At the end of the day, OG Tony’s eating with his mini-me’s, who both seem surprisingly chill that they’re going to be serving time for their roles in the extortion plot. In fact, Big Fauxny’s more interested in the hot peppers for his sandwich. Actors, yo.

So, this is the start of the Tony exit, right? In the morgue doing the autopsy, Ducky lectures the Fauxny corpse about the Newtonian law of inertia: An object in motion tends to travel in the same speed and direction unless acted upon by an unbalanced force.
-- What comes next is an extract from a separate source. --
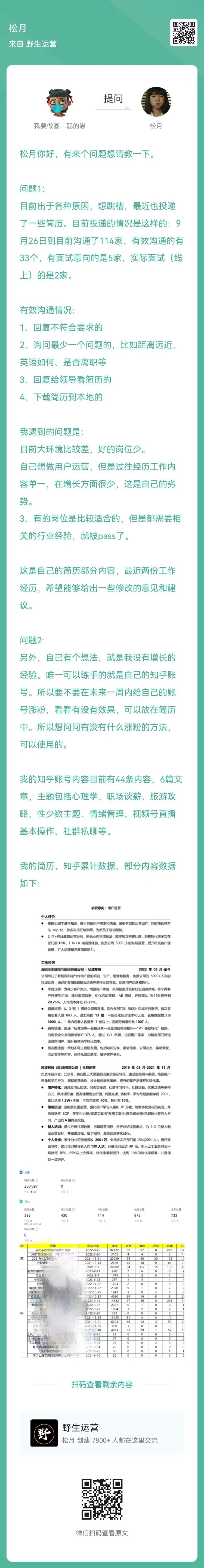 7、提问:可以给简历提供一些优化建议吗,我现在做知乎好物对工作经验积累有没有帮助?(扫码查看全文)

DiNozzo’s going through the same motions, day after day, year after year, and he’s getting itchy in his own skin. He’s not pathetic, but his eyes are opening to the fact that he needs a change. The question is, was this episode the unbalanced force he needed, or is something even bigger coming? And what will that change look like? Three more episodes, people!

Stray thoughts:

  • With all this speculating I’m doing about how DiNozzo will choose to leave the show, it’ll serve me right if it’s actually in a body bag. (Oh please don’t let it be in a body bag!)
  • If DiNozzo’s game is talking about Katy Perry, it’s a wonder he ever lures any women back to his apartment.
  • In the competition to name the new aircraft carrier, Bishop’s suggestion makes it to the finals: U.S. Admiral John McGee, the deceased decorated war veteran, a.k.a. Tim’s dad. Sometimes this show gets you right in the heart, doesn’t it?
  • It also gets you in the funny bone. DiNozzo’s annoyed suggestions of Peanut and Brett Favre as carrier names are perfectly, delightfully absurd.
  • Hey, Goldfish Kate and Goldfish Ziva!